> DIRECTIONS FOR THIS TASK
Would you restate each line of the data below word for word, without its pictures?

Dataset entries:
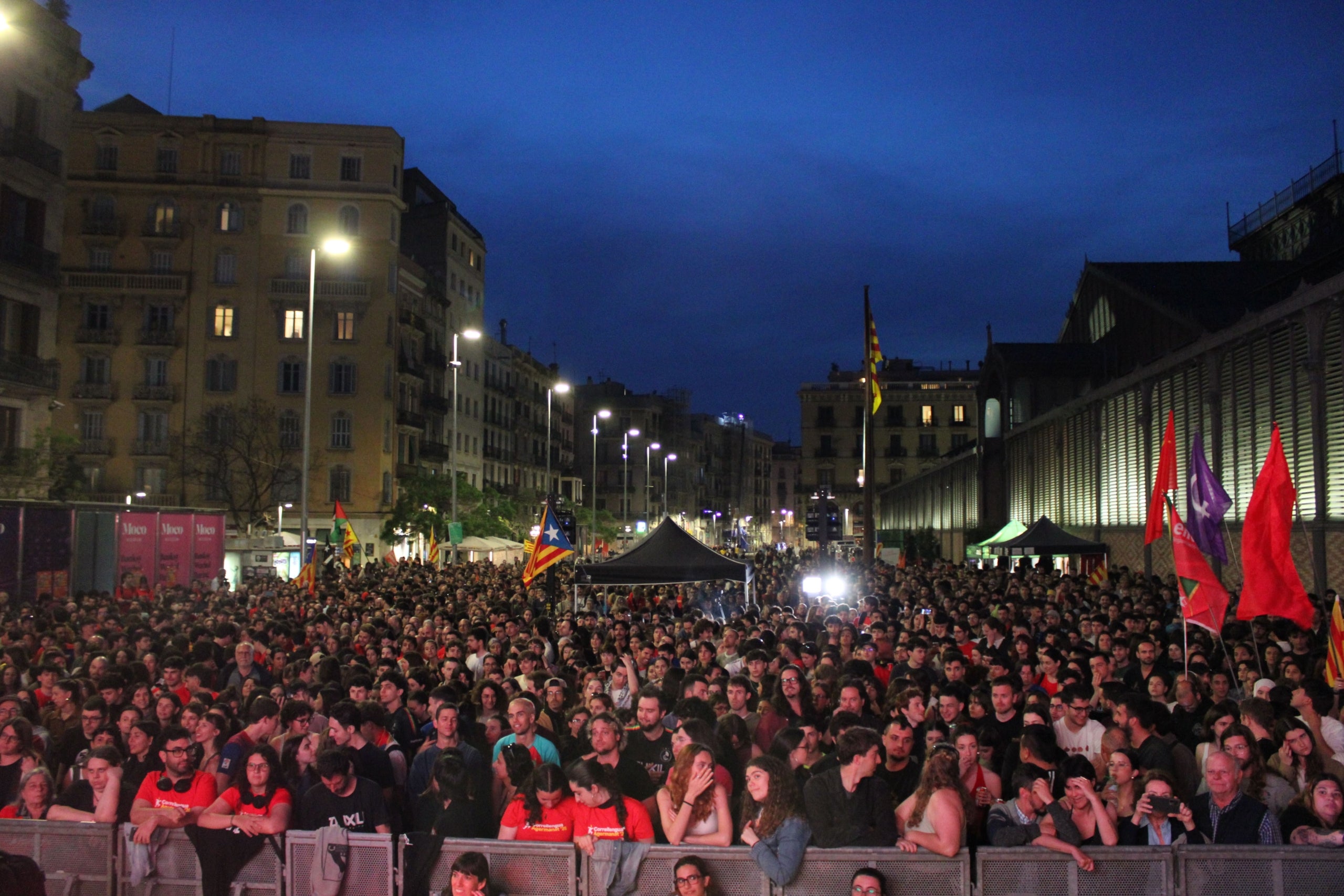 La ‘cursa’ ha avançat fins al Passeig del Born i a la plaça Comercial de Barcelona, l’espai escollit per llegir un manifest a favor de la “plena normalització del català”. L’acte, el primer massiu del Correllengua, va acabar amb la interpretació de la cançó del Correllengua i un concert del grup valencià Auxili.
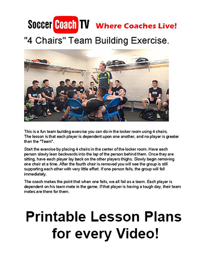 This is a fun team building exercise you can do in the locker room using 4 chairs. The lesson is that each player is dependent upon one another, and no player is greater than the "Team". Start the exercise by placing 4 chairs in the center of the locker room. Have each person slowly lean backwards into the lap of the person behind them.
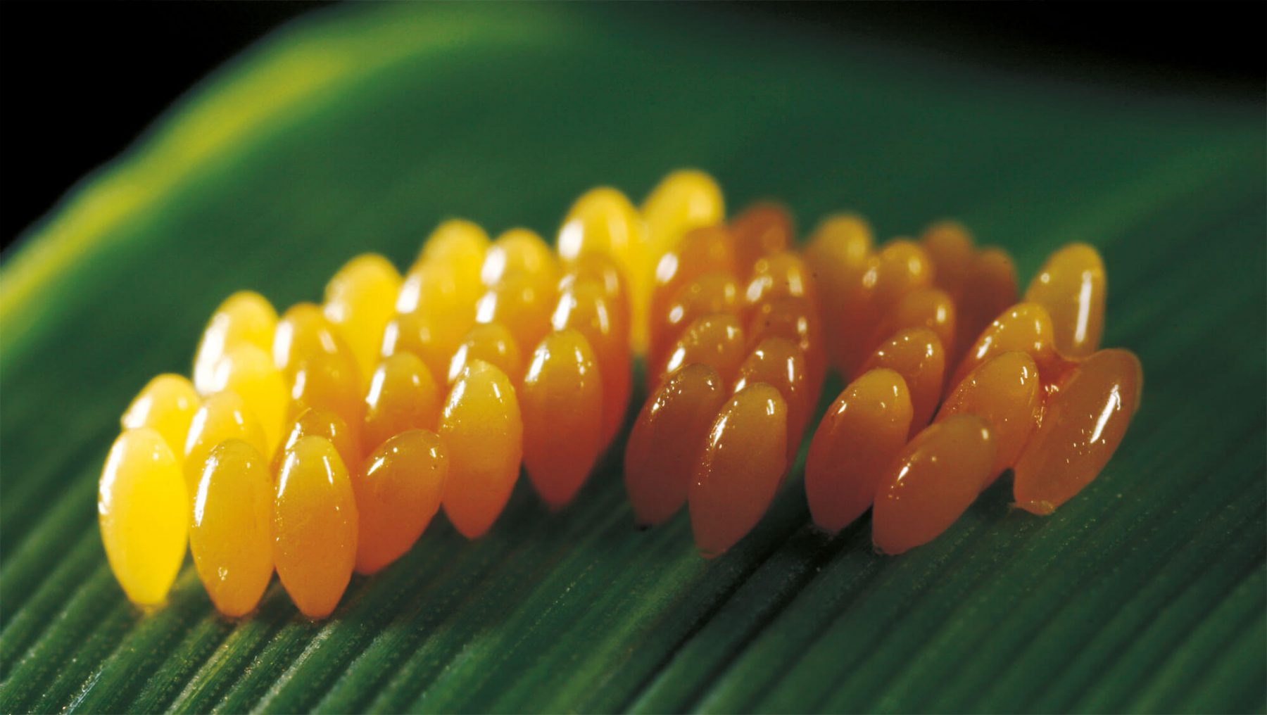 Comment faire pour éviter une telle catastrophe ? Quand elle vole de plante en plante, une femelle coccinelle ne cherche pas seulement à manger. Ses prospections ont pour but de repérer une jeune colonie de pucerons en démarrage. Pas trop jeune tout de même, car les proies trop peu nombreuses seraient difficilement repérées par ses larves. Pas trop vieille non plus, pour que le cycle soit bouclé avant que la colonie ne s’effondre. La marge de manœuvre est étroite : il faut viser une colonie âgée d’une à deux semaines. Et surtout ne pas déposer trop d’œufs, au risque que les larves éradiquent prématurément leurs proies. Enfin, dernier souci : s’assurer qu’aucune autre ponte ou larve, qu’aucun relief de festin ne traînent dans les parages, sous peine que sa propre descendance finisse dévorée par des larves plus âgées.
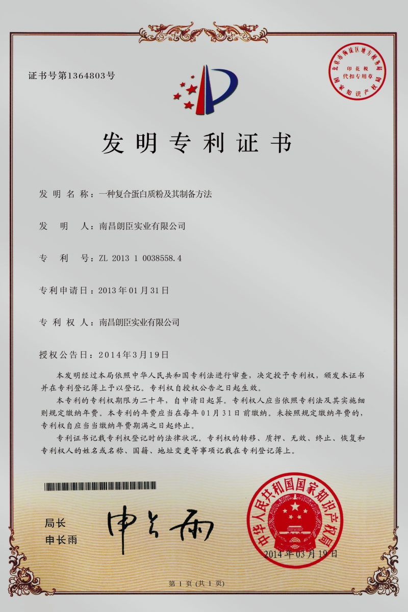 2013年3月19日,南昌朗臣實業研發團隊在國(guó)内率先發(fā)明出一種适合母嬰特殊群體适用的複合蛋白粉,填補(bǔ)瞭(le)國内母嬰群體對蛋白粉補(bǔ)充的需求。
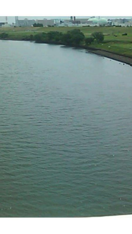 ふと写真撮らなきゃって止まって見たら荒川に吸い込まれそうな高所恐怖症の感覚(°□°;)しかも揺れてるし~[e190]
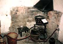 作業室の一角に金属鏡の鋳造の様子が再現されている。
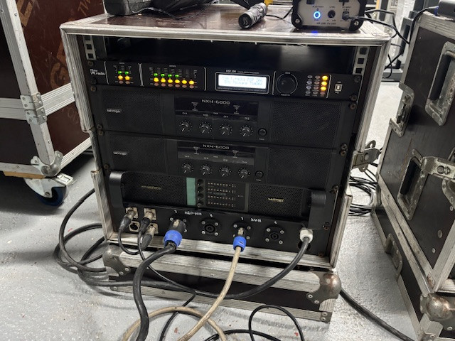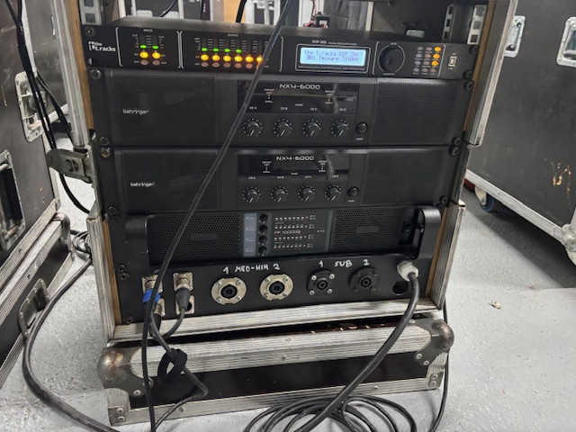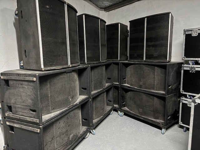 8 Sub L1818 1200W con 4 carros de transporte y sus Rack de Etapas y procesadores T-Racks DSP206 con router para conectar el ordenador por Wifi al procesador.
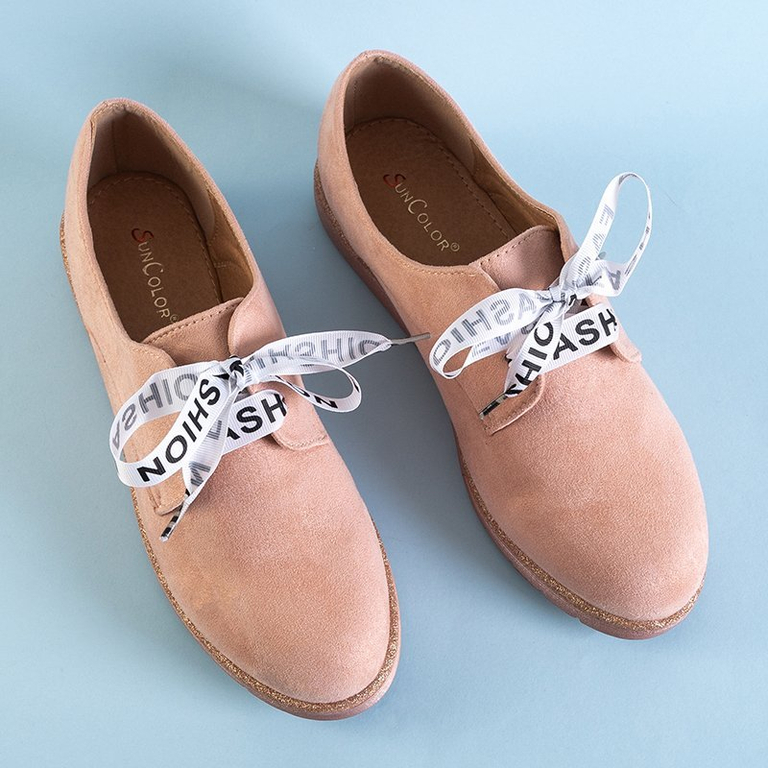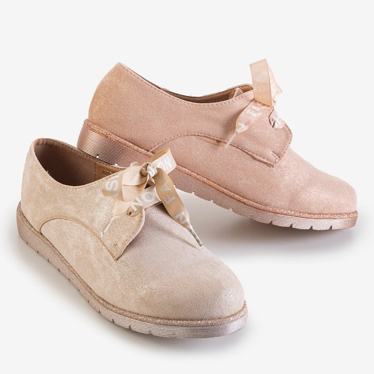 - Veľmi štýlová dámska obuv, vyrobená z ekologickej kamzíkovej kože. Model je uviazaný na stužku, vo vnútri má vložku z ekokože. Okraje podrážky sú zdobené trblietkami. Poznámka: výrobok má na materiáli stopy lepidla.
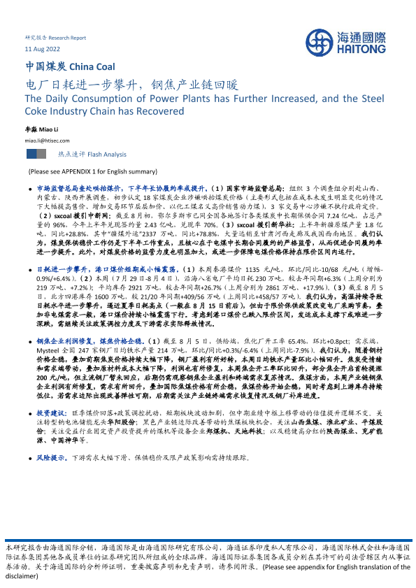 【海通国际】【20220811】中国煤炭:电厂日耗进一步攀升,钢焦产业链回暖-9页
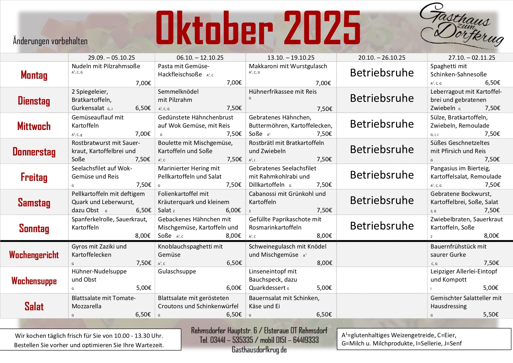Vom 20.10.2025 bis einschließlich 26.10.2025 bleibt unser Restaurant aufgrund von Betriebsruhe geschlossen.
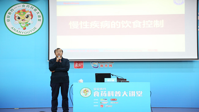 2017年11月24日,第十期“安安有約—食藥科普大講堂活動(dòng)”在廣州舉行。此次活動(dòng)邀請(qǐng)了中國(guó)農(nóng)業(yè)大學(xué)食品學(xué)院營(yíng)養(yǎng)系與食品安全系主任何計(jì)國(guó)作主題為“食品營(yíng)養(yǎng)健康與慢性疾病”的專題講座,現(xiàn)場(chǎng)約四百名聽(tīng)眾參加,活動(dòng)現(xiàn)場(chǎng)同時(shí)與21個(gè)地級(jí)市食藥監(jiān)管部門視頻連接進(jìn)行直播互動(dòng)。
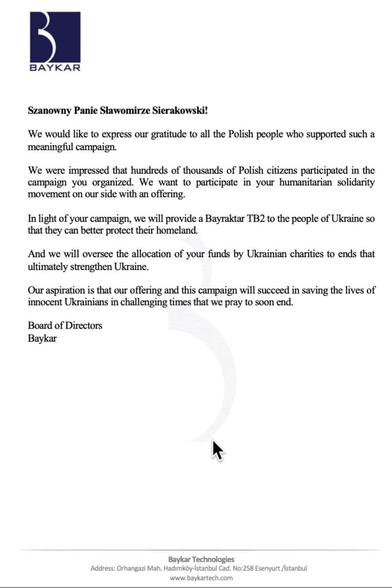 “We would like to express our gratitude to all the Polish people who supported such a meaningful campaign. We were impressed that hundreds of thousands of Polish citizens participated in the campaign you organized. We want to participate in your humanitarian solidarity movement on our side with an offering. In light of your campaign, we will provide a Bayraktar TB2 to the people of Ukraine so that they can better protect their homeland,” the company said.
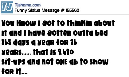 X You know I got to thinkin about it and I have gotten outta bed 365 days a year for 26 years...... that is 9,490 sit-ups and not ONE ab to show for it....
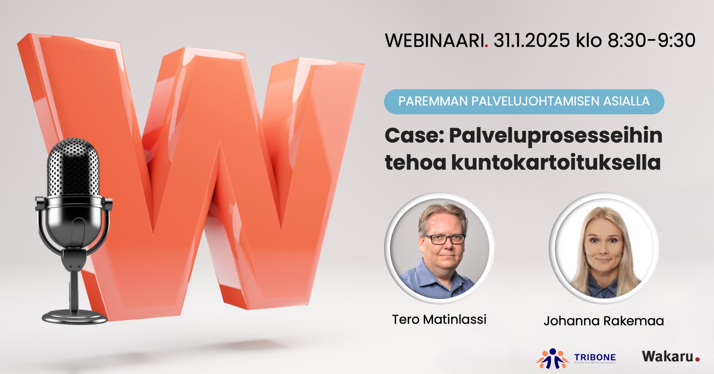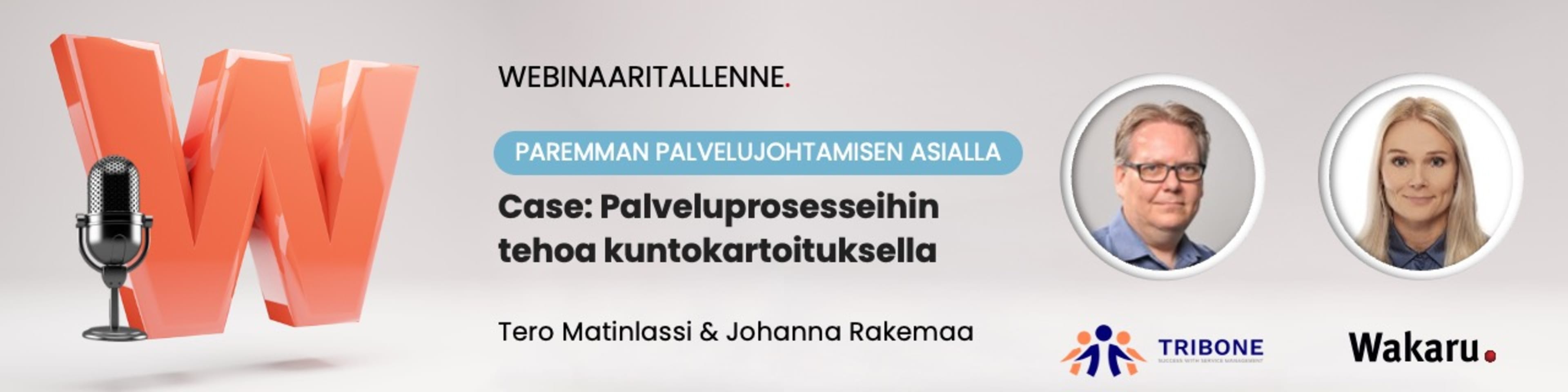 Syvennymme webinaarissa casen kautta kuntokartoitukseen ja siihen, mitä tukea se tarjoaa prosessien kehittämiseen ja ylläpitämiseen. Toteutamme Wakarulla kartoituksia yhdessä kumppanimme Tribonen kanssa. Tutustu kuntokartoitukseen täällä!
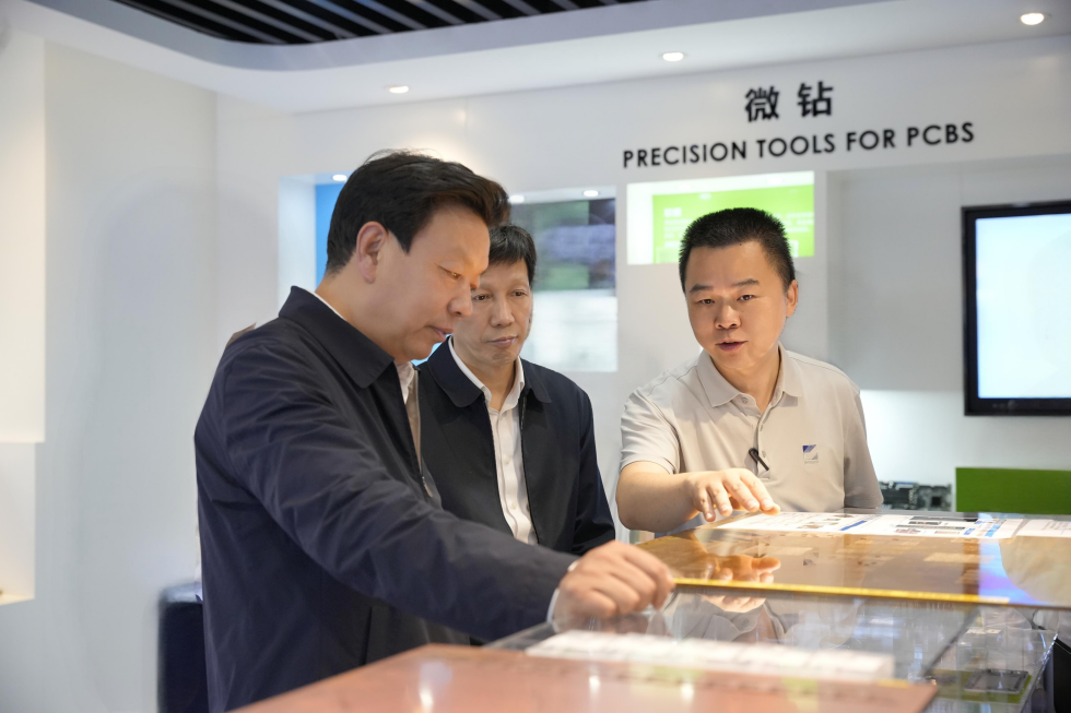 陈得信参观金洲公司产品展厅,实地调研智造运管中心、产品测试中心、自动化及涂层生产现场、科技大楼等,详细了解企业生产经营、科技创新、精益管理以及党的建设等工作情况,对AI PCB相关产品创新成果、自动化建设进程与发展规划、关键工序加工设备自制水平给予肯定,勉励大家坚持“精细管理、精益求精、精耕细作”理念,持续增强核心功能、提升核心竞争力,全力保障国家产业链供应链安全稳定。

> RESPONSE BOX
 La ‘cursa’ ha avançat fins al Passeig del Born i a la plaça Comercial de Barcelona, l’espai escollit per llegir un manifest a favor de la “plena normalització del català”. L’acte, el primer massiu del Correllengua, va acabar amb la interpretació de la cançó del Correllengua i un concert del grup valencià Auxili.
 This is a fun team building exercise you can do in the locker room using 4 chairs. The lesson is that each player is dependent upon one another, and no player is greater than the "Team". Start the exercise by placing 4 chairs in the center of the locker room. Have each person slowly lean backwards into the lap of the person behind them.
 Comment faire pour éviter une telle catastrophe ? Quand elle vole de plante en plante, une femelle coccinelle ne cherche pas seulement à manger. Ses prospections ont pour but de repérer une jeune colonie de pucerons en démarrage. Pas trop jeune tout de même, car les proies trop peu nombreuses seraient difficilement repérées par ses larves. Pas trop vieille non plus, pour que le cycle soit bouclé avant que la colonie ne s’effondre. La marge de manœuvre est étroite : il faut viser une colonie âgée d’une à deux semaines. Et surtout ne pas déposer trop d’œufs, au risque que les larves éradiquent prématurément leurs proies. Enfin, dernier souci : s’assurer qu’aucune autre ponte ou larve, qu’aucun relief de festin ne traînent dans les parages, sous peine que sa propre descendance finisse dévorée par des larves plus âgées.
 2013年3月19日,南昌朗臣實業研發團隊在國(guó)内率先發(fā)明出一種适合母嬰特殊群體适用的複合蛋白粉,填補(bǔ)瞭(le)國内母嬰群體對蛋白粉補(bǔ)充的需求。
 ふと写真撮らなきゃって止まって見たら荒川に吸い込まれそうな高所恐怖症の感覚(°□°;)しかも揺れてるし~[e190]
 作業室の一角に金属鏡の鋳造の様子が再現されている。
 8 Sub L1818 1200W con 4 carros de transporte y sus Rack de Etapas y procesadores T-Racks DSP206 con router para conectar el ordenador por Wifi al procesador.
 - Veľmi štýlová dámska obuv, vyrobená z ekologickej kamzíkovej kože. Model je uviazaný na stužku, vo vnútri má vložku z ekokože. Okraje podrážky sú zdobené trblietkami. Poznámka: výrobok má na materiáli stopy lepidla.
 【海通国际】【20220811】中国煤炭:电厂日耗进一步攀升,钢焦产业链回暖-9页
Vom 20.10.2025 bis einschließlich 26.10.2025 bleibt unser Restaurant aufgrund von Betriebsruhe geschlossen.
 2017年11月24日,第十期“安安有約—食藥科普大講堂活動(dòng)”在廣州舉行。此次活動(dòng)邀請(qǐng)了中國(guó)農(nóng)業(yè)大學(xué)食品學(xué)院營(yíng)養(yǎng)系與食品安全系主任何計(jì)國(guó)作主題為“食品營(yíng)養(yǎng)健康與慢性疾病”的專題講座,現(xiàn)場(chǎng)約四百名聽(tīng)眾參加,活動(dòng)現(xiàn)場(chǎng)同時(shí)與21個(gè)地級(jí)市食藥監(jiān)管部門視頻連接進(jìn)行直播互動(dòng)。
 “We would like to express our gratitude to all the Polish people who supported such a meaningful campaign. We were impressed that hundreds of thousands of Polish citizens participated in the campaign you organized. We want to participate in your humanitarian solidarity movement on our side with an offering. In light of your campaign, we will provide a Bayraktar TB2 to the people of Ukraine so that they can better protect their homeland,” the company said.
 X You know I got to thinkin about it and I have gotten outta bed 365 days a year for 26 years...... that is 9,490 sit-ups and not ONE ab to show for it....
 Syvennymme webinaarissa casen kautta kuntokartoitukseen ja siihen, mitä tukea se tarjoaa prosessien kehittämiseen ja ylläpitämiseen. Toteutamme Wakarulla kartoituksia yhdessä kumppanimme Tribonen kanssa. Tutustu kuntokartoitukseen täällä!
 陈得信参观金洲公司产品展厅,实地调研智造运管中心、产品测试中心、自动化及涂层生产现场、科技大楼等,详细了解企业生产经营、科技创新、精益管理以及党的建设等工作情况,对AI PCB相关产品创新成果、自动化建设进程与发展规划、关键工序加工设备自制水平给予肯定,勉励大家坚持“精细管理、精益求精、精耕细作”理念,持续增强核心功能、提升核心竞争力,全力保障国家产业链供应链安全稳定。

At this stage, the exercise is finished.